The AgenticSZZ architecture pinpoints the root cause of software bugs by constructing a knowledge graph from a bug-fixing commit and its repository, tracing blame commits and file history from both the identified fix and its origins, then employing specialized tools to navigate this graph and isolate the bug-inducing commit.

This work introduces AgenticSZZ, leveraging temporal knowledge graphs and LLM agents to improve bug-inducing commit identification through enhanced causal analysis of software evolution.

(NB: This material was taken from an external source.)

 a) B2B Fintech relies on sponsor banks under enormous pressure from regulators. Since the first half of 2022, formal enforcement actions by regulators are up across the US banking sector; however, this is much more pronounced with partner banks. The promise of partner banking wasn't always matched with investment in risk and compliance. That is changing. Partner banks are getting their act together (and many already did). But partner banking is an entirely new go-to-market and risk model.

Identifying the precise commit that introduces a bug is surprisingly difficult, despite decades of research into software blame assignment. This paper, ‘Beyond Blame: Rethinking SZZ with Knowledge Graph Search’, addresses limitations in current bug-inducing commit (BIC) identification approaches by moving beyond reliance on traditional git blame. We introduce AgenticSZZ, which reframes BIC identification as a graph search problem leveraging Temporal Knowledge Graphs and LLM agents to expand the search space and enable more effective causal reasoning-achieving up to 27% improvement over state-of-the-art methods. Does this shift toward graph-based techniques offer a pathway to a more comprehensive understanding of software evolution and defect patterns?

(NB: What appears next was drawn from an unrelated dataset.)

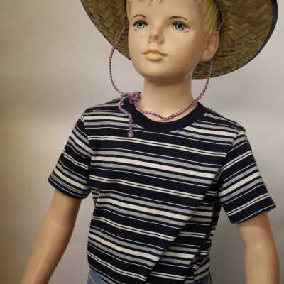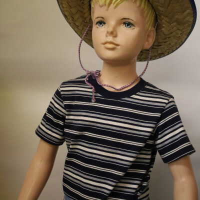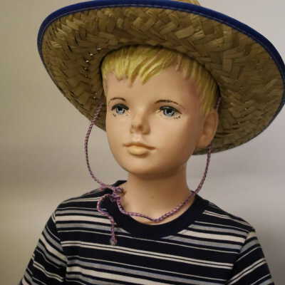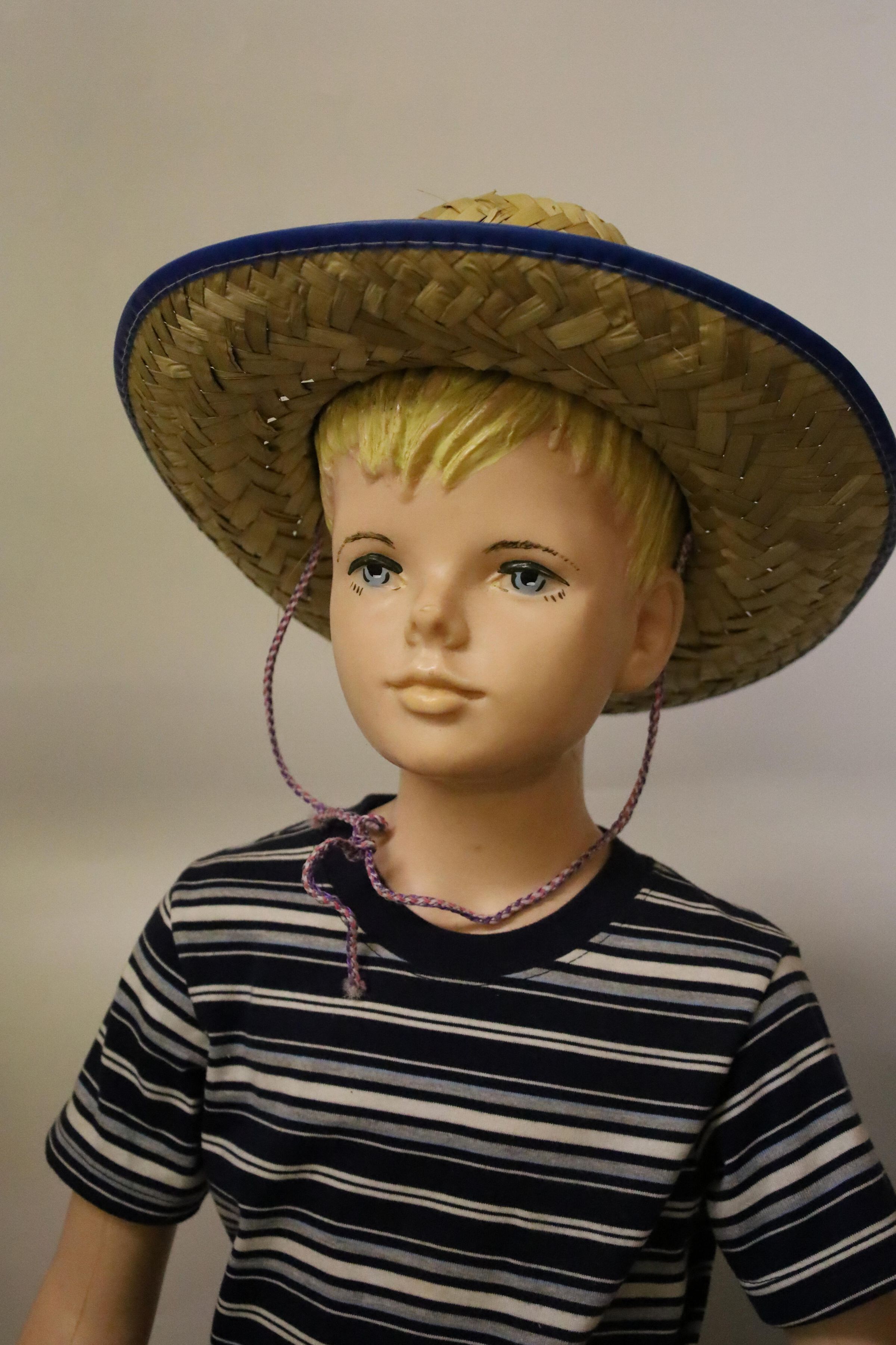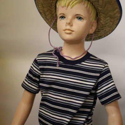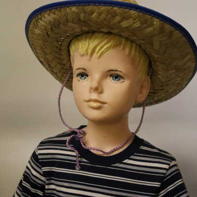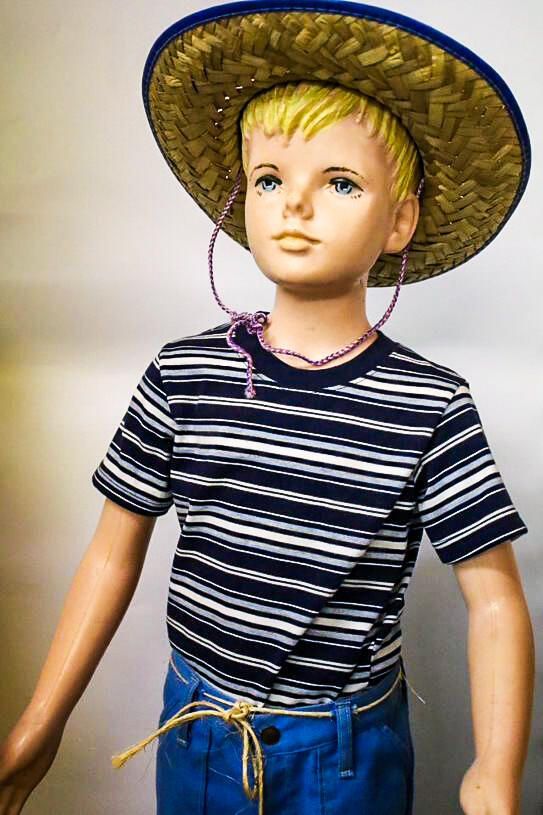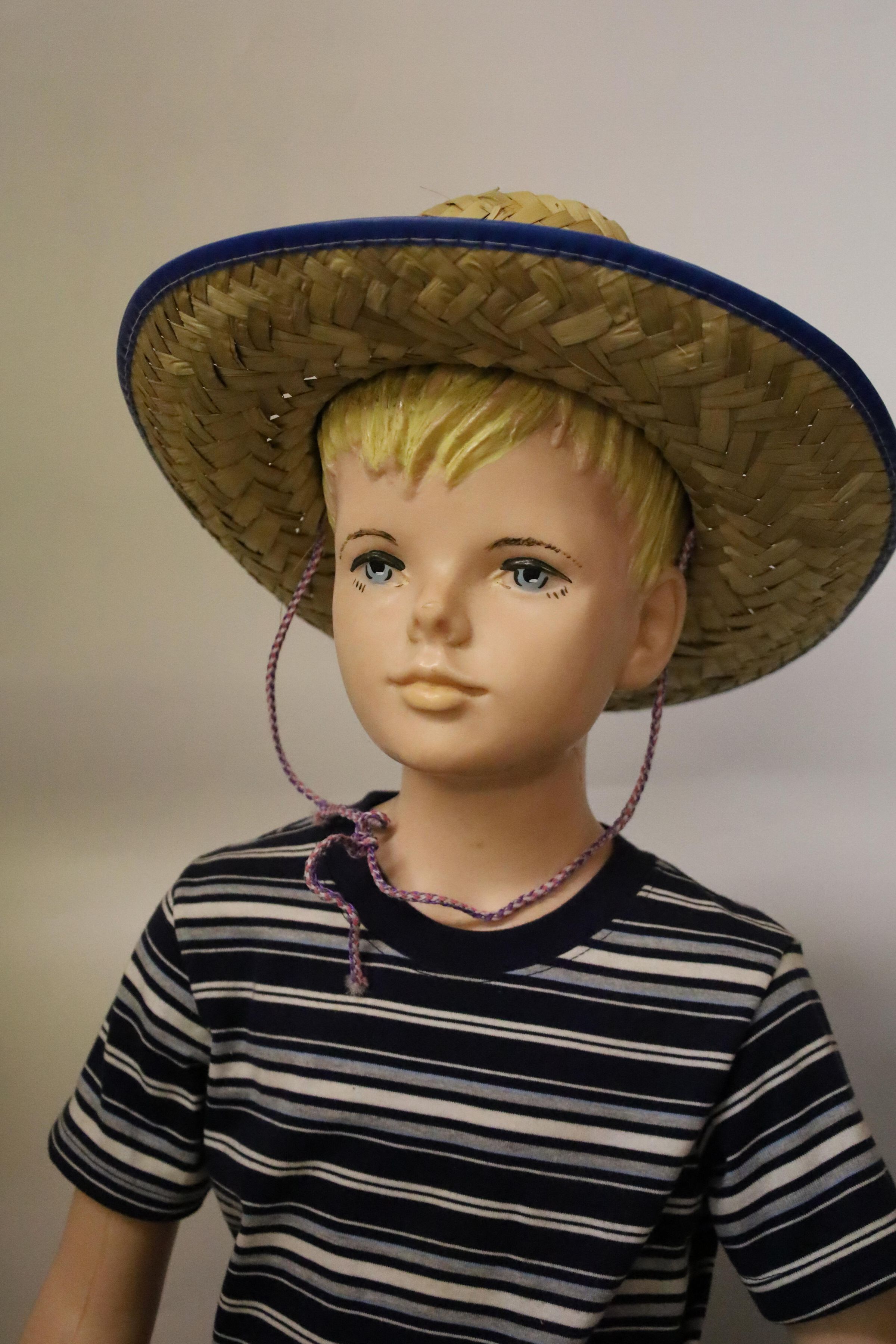This 1950s boy mannequin was used as a display for Buster Brown Shoes. He is now displayed at the Nature Center at Lake Loramie. He is wearing jeans with a rope belt, a striped tee-shirt and a straw hat.

Pinpointing the Source: The Challenge of Bug Localization

Pinpointing the exact commit responsible for introducing a software bug-the ‘bug-inducing commit’-represents a foundational challenge in modern software development, yet remains largely a manual undertaking for many engineering teams. This process often involves painstakingly reviewing code changes, utilizing version control history, and attempting to reproduce the error across different revisions. While seemingly straightforward in theory, the task becomes exponentially more difficult with larger codebases, frequent commits, and collaborative development environments. The time investment required for accurate bug localization directly impacts development velocity and increases the overall cost of software maintenance, highlighting the need for automated and more efficient techniques to streamline this critical, yet often overlooked, aspect of the software lifecycle.

The widely-used SZZ algorithm, and similar bug localization techniques, fundamentally depend on ‘Git Blame’ to pinpoint the origin of faulty code. This approach traces each line of code back to the commit where it was last modified, assuming that commit introduced the bug. However, this reliance becomes problematic in modern software development where large-scale refactorings and complex code transformations are common. When code is moved or significantly altered without functional changes, Git Blame incorrectly identifies these non-bug-inducing commits as the source of errors. This leads to wasted effort investigating changes that aren’t actually related to the bug, dramatically reducing the efficiency of the localization process and highlighting the need for more sophisticated techniques that can discern between semantic and syntactic changes.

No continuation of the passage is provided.